Why Are Organizations Moving Beyond Minimum Compliance?
The stakes extend beyond regulatory fines. Organizations without governance face reputational damage from biased or harmful AI outputs, operational disruptions when models drift or fail, security breaches from ungoverned AI tools accessing sensitive data, and competitive disadvantage as customers and partners increasingly require AI governance attestations. Governance is also no longer a point-in-time exercise; regulators and auditors expect continuous monitoring rather than annual assessments.
The market for AI governance tools reflects this urgency. Comprehensive governance platforms now attempt to cover the full AI lifecycle, while specialized point solutions excel at specific governance functions like bias detection, explainability, and shadow AI discovery. Most organizations end up with a combination, using a central governance platform supplemented by specialized tools for areas like large language model safety or unauthorized AI tool discovery.

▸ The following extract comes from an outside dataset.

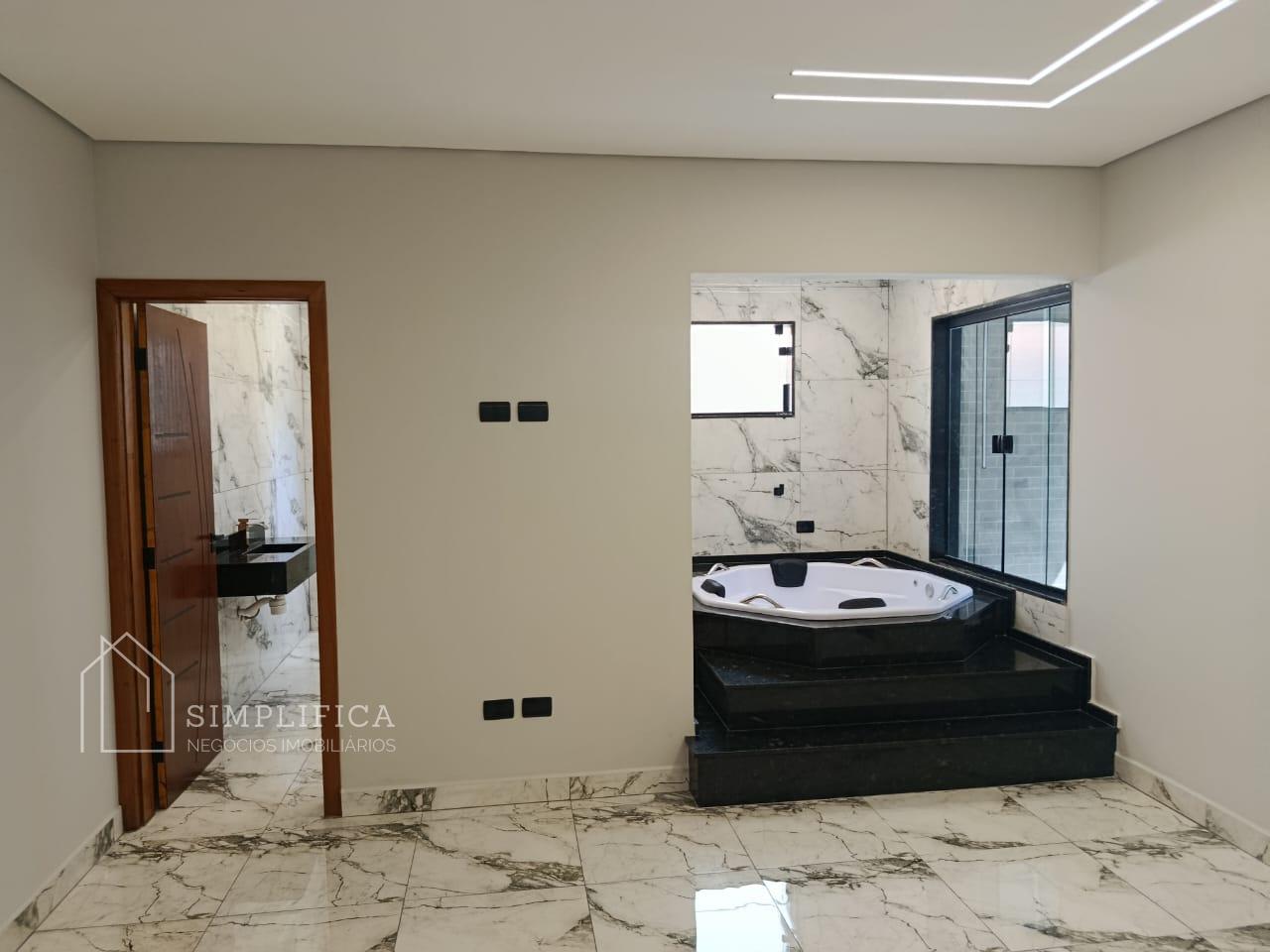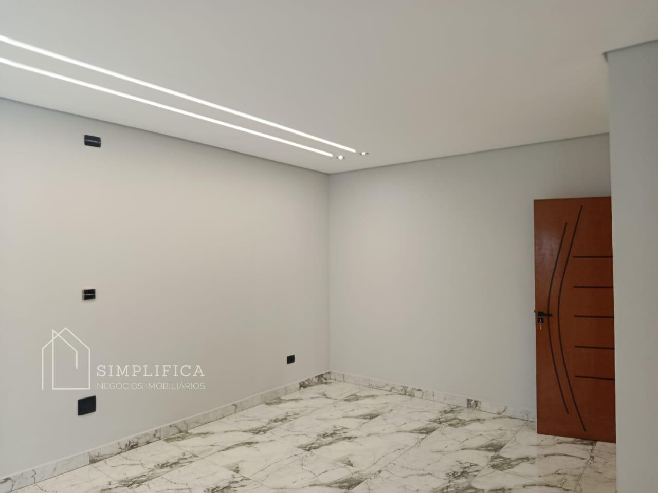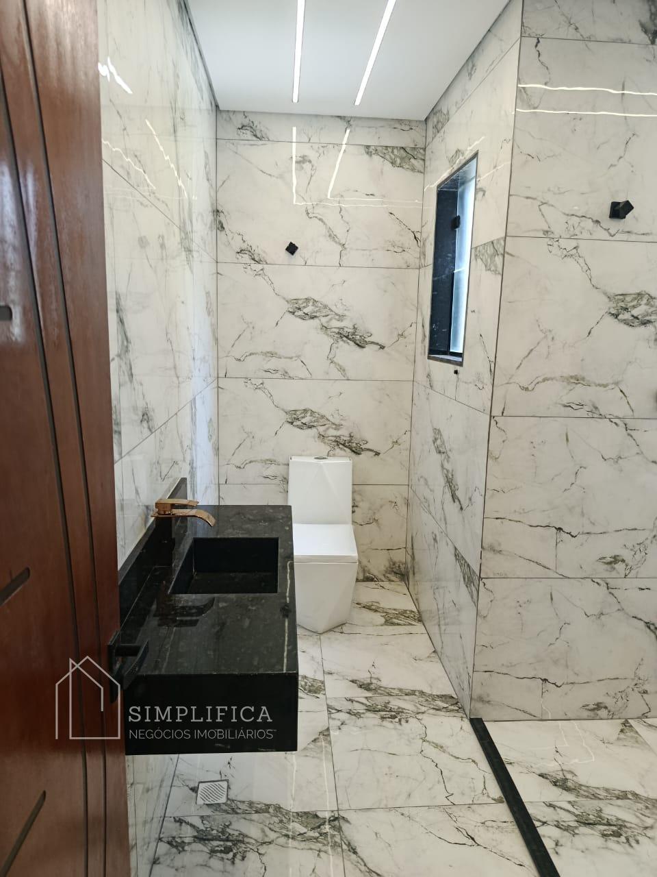 A casa possui estrutura em laje e drywall, iluminação em LED, piso em porcelanato 60x60 e revestimentos em porcelanato 62 x 1,22. Na área externa, porcelanato antitérmico.

True AI governance platforms sit at the intersection of multiple capabilities. They provide a unified approach to discovering AI assets, assessing their risks, enforcing policies, monitoring behavior, and generating compliance evidence. One of the biggest misconceptions organizations face is assuming their existing governance, risk, and compliance platforms or machine learning operations platforms already cover AI governance; they typically do not, at least not with the specificity regulators now expect.
As AI technologies continue to evolve, organizations worldwide are recognizing that proactive governance is not just a regulatory requirement but a business imperative. Companies like VEKIN are setting the standard by pursuing formal certification before enforcement deadlines arrive, signaling to the market that responsible AI is becoming table stakes for competitive advantage and stakeholder trust.